◆ The task:
Go to the line holding "2、查看移動硬盤,是Windows 系統上的 NTFS 分區格式" in the data below. Return it and each line after it through the last, exactly, and skip the pictures.

--- Data to use Enclosed Below ---

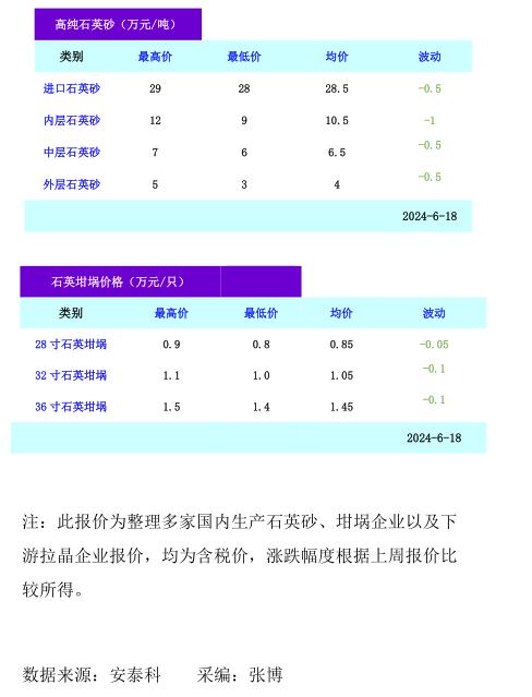 具体来看,进口石英砂均价28.5万元/吨,较上周下?.5万元/吨;内层石英?0.5万元/吨,较上周下?万元/吨;中层石英?.5万元/吨,较上周下?.5万元/吨;外层石英?万元/吨,较上周下?.5万元/吨、/p>
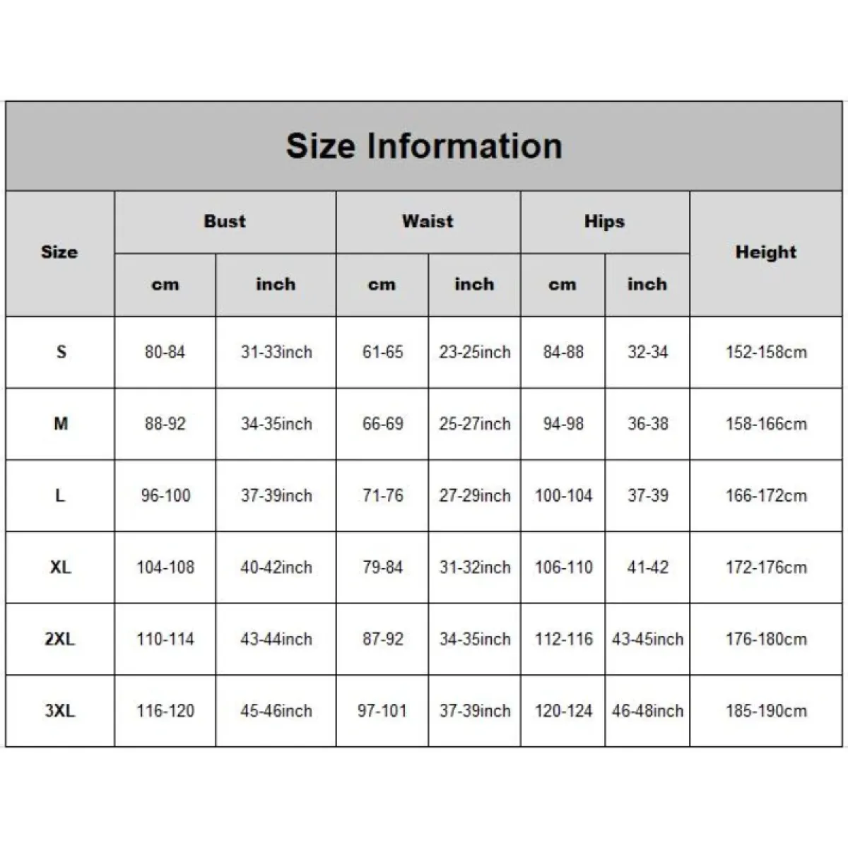 | Size | Bust (cm/inch) | Waist (cm/inch) | Hips (cm/inch) | Height (cm) |
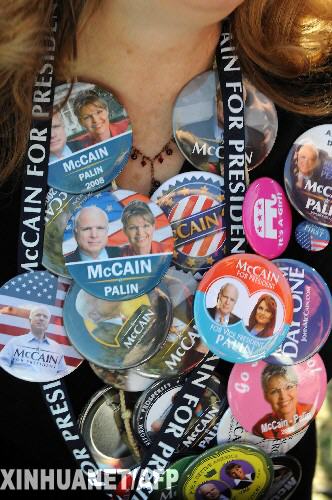 10月25日,在美国新墨西哥州的阿尔伯克基,一名支持者挂满共和党正副总统候选人麦凯恩和佩林的徽章,出席共和党总统候选人竞选集会。 新华社/法新
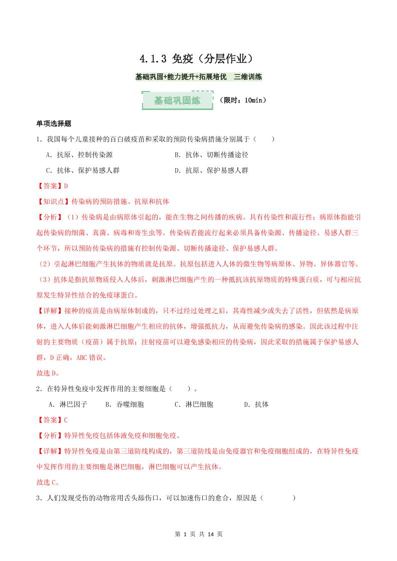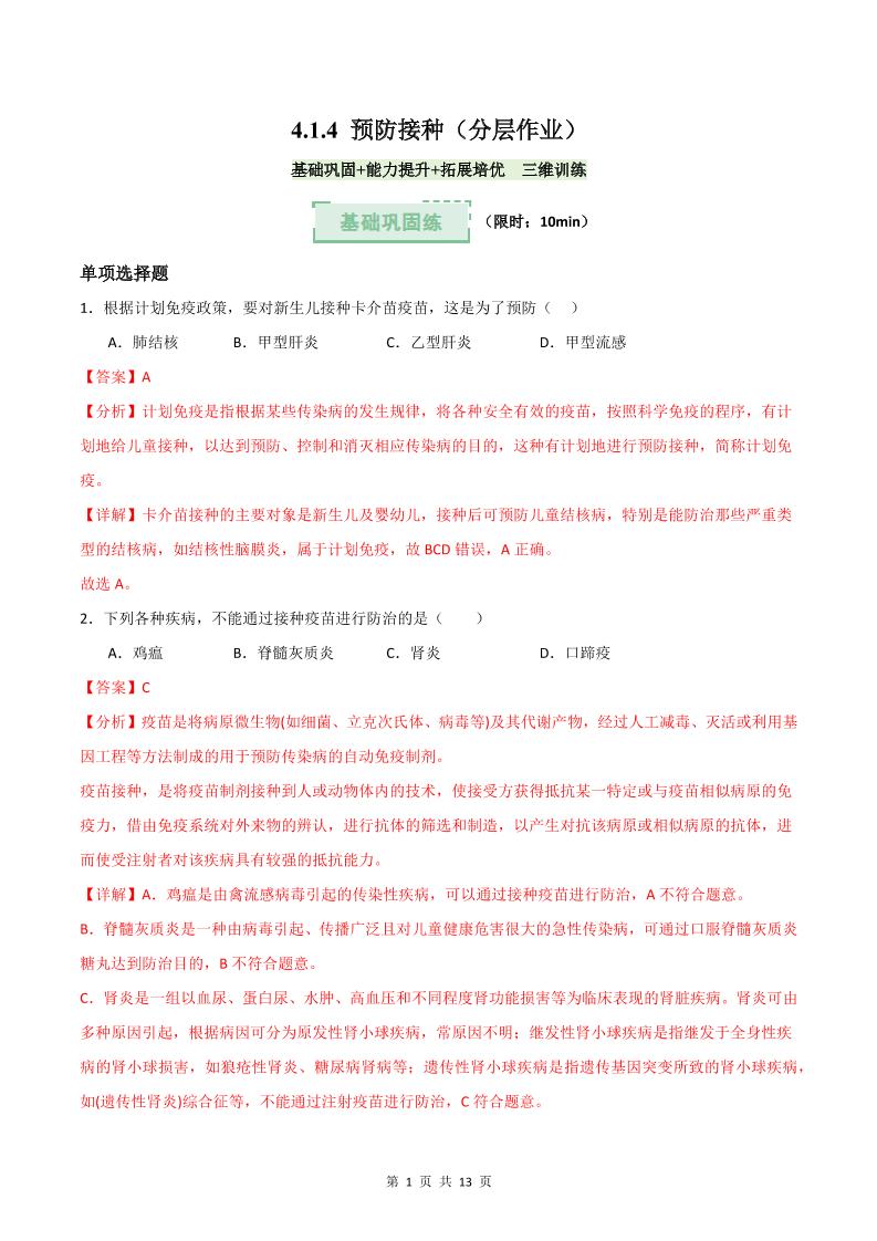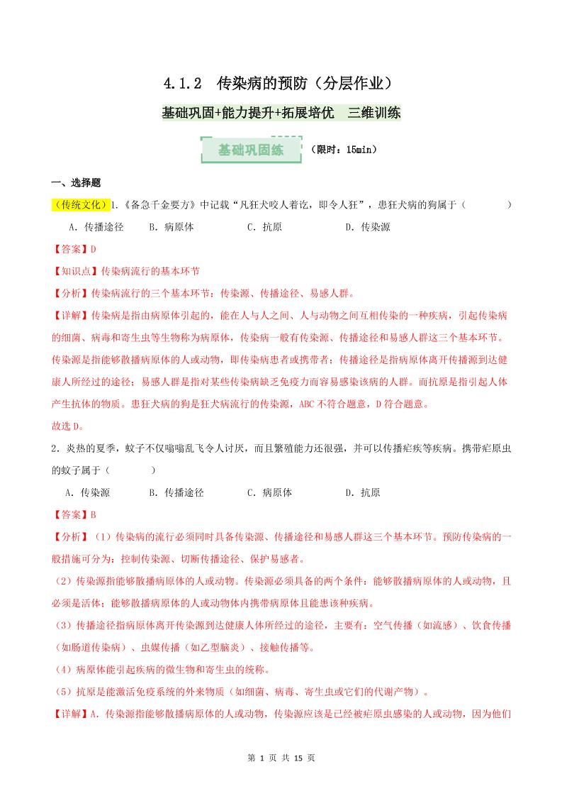 4.1.2 传染病的预防 (分层作业)(解析版)
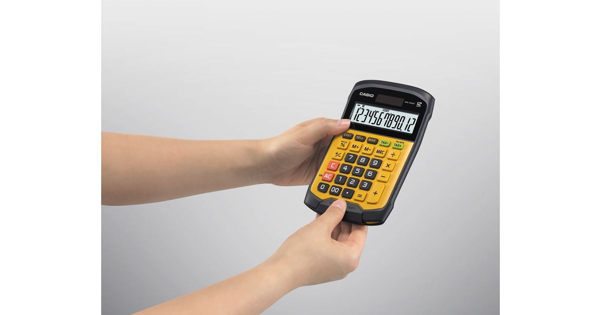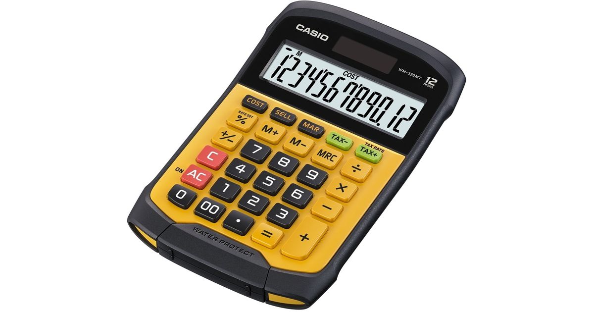 Casio WM-320MT, Tasku, Ekraanikalkulaator, 12 numbrid, 1 joont, Aku/päikesepatarei, Must, Kollane
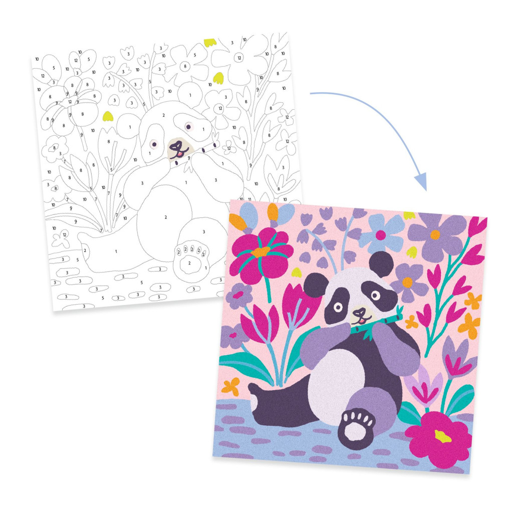 4 elbűvölő állatot (pandát, vörös pandát, gyűrűsfarkú makit és koalát) bemutató kép, amelyeket színezett homokkal kell "életre kelteni". A gyermek az alapképet a dobozba helyezi, a mellékelt eszközzel feltárja az előre beillesztett területeket, majd a füzetben megadott színkódot követve homokkal szórja be azokat. A készlet tartalmaz egy kis eszközt a ragasztott részek egyszerű eltávolításához. Tiszta tevékenység: a gyermek a dobozban dolgozik, így nem szóródik szét a homok. A doboz sarkán található egy kis lyuk, ahol kiönthető a felesleges homok és széles szájú edényekbe önthető. A készlethez tartozó kis magyarázó füzet lépésről lépésre vezet az alkotás folyamatán.
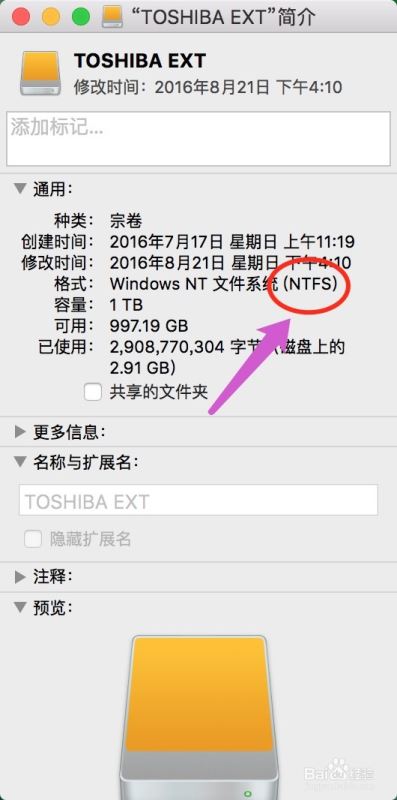 2、查看移動硬盤,是Windows 系統上的 NTFS 分區格式
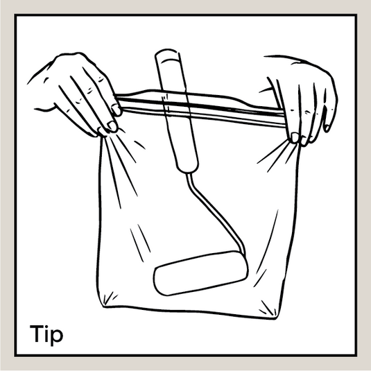 Between coats, store tools in ziplock bag and place plastic wrap over paint tray.
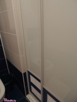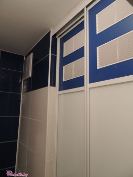 В нем, согласно желанию заказчика, мы установили раздвижные двери, за которыми удобно расположился вместительный отсек с хозяйственными принадлежностями.
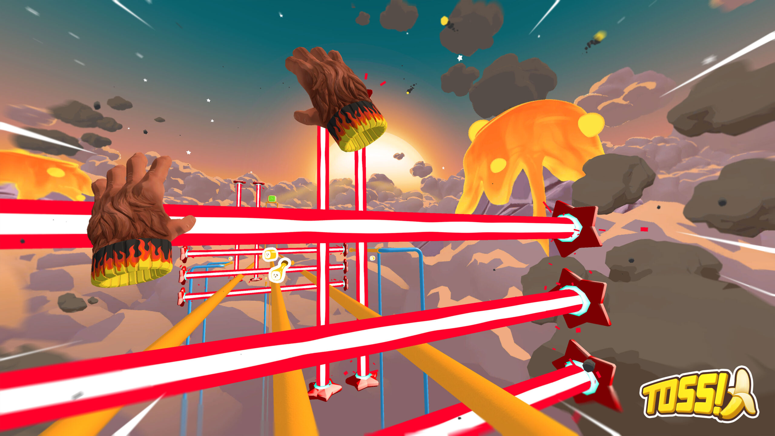 You’ve crash landed on a cloud planet and will need to collect parts to repair your ship as you launch yourself around 75+ playground levels in 9 vibrant cloudscape biomes and rank-up to become a TOSS!🍌 Master.

--- End of Enclosed Data to use ---

◆ Answer for the task:
 2、查看移動硬盤,是Windows 系統上的 NTFS 分區格式
 Between coats, store tools in ziplock bag and place plastic wrap over paint tray.
 В нем, согласно желанию заказчика, мы установили раздвижные двери, за которыми удобно расположился вместительный отсек с хозяйственными принадлежностями.
 You’ve crash landed on a cloud planet and will need to collect parts to repair your ship as you launch yourself around 75+ playground levels in 9 vibrant cloudscape biomes and rank-up to become a TOSS!🍌 Master.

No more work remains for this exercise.